Бегство от безопасности - Бах Ричард Дэвис - Страница 8
- Предыдущая
- 8/46
- Следующая
Я слышал его движения внутри камеры.
— Хорошо, — наконец произнес он. — Сейчас ты войдешь внутрь и дашь мне возможность закрыть тебя здесь на пятьдесят лет. После чего я возвращусь и сообщу тебе, как мне стыдно. Посмотрим, что ты скажешь тогда. Ну как, справедливо?
Я открыл дверь.
— Это справедливо, — сказал я. — Я прошу прощения. Я поступил глупо, закрыв тебя здесь. Моя жизнь от этого стала беднее. Теперь твой черед. Закрой меня здесь.

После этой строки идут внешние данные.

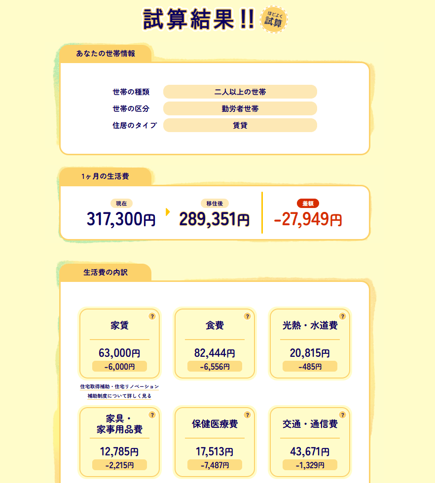 取手市へ移住した際の生活費の変化をシミュレーションできるコンテンツを追加しました。「家賃」や「食費」「光熱・水道費」などを比較できます。より具体的に取手市の生活をイメージしていただけます。

Отворяя дверь, я прежде всего увидел голубое сияние воспламенителя в ствольной насадке нацеленного на меня огнемета. Нет уж, я не побегу, что бы ни случилось, подумал я. Он имеет полное право убить меня здесь, если захочет.
Он, не двигаясь, сидел на скамье напротив двери.
— Ты закрыл меня здесь и оставил меня одного! Тебя не волновало, плачу я здесь или молю о помощи; с глаз долой — из сердца вон. РИЧАРД, Я МОГ БЫ ТЕБЕ ПОМОЧЬ! Я мог бы тебе помочь, но я тебе не был нужен, ты не любил меня, тебе вообще до меня НЕ БЫЛО ДЕЛА!
— Я вернулся, чтобы извиниться перед тобой, — сказал я. — Я величайший и тупейший идиот, какой только есть в мире.
— Ты думаешь, раз я живу только в твоем сознании, то меня можно не замечать, я не страдаю, я не нуждаюсь в том, чтобы ты защищал и учил, и любил меня. НЕТ, Я НУЖДАЮСЬ В ЭТОМ! Ты думаешь что я не существую, что я не живой, что меня не ранит то, что ты делаешь со мной, — НО Я ЕСТЬ!
— Я не очень-то силен в заботе о других, Дикки. Когда я запер тебя здесь, я запер вместе с тобой большую часть моих чувств и жил вдали отсюда, в мире, где управляет главным образом интеллект. До вчерашнего дня я даже не подозревал, что ты здесь, и не заглядывал сюда. — Мои глаза стали привыкать к темноте. — Ты внушаешь мне такой же страх, как и я тебе. Ты имеешь полное право уничтожить меня на месте. Но прежде чем ты сделаешь это, я хочу, чтобы ты знал: я видел тебя, когда ты лежал на кровати, сразу после смерти Бобби. Я хотел сказать тебе, что все будет хорошо. Я хотел сказать тебе, что люблю тебя.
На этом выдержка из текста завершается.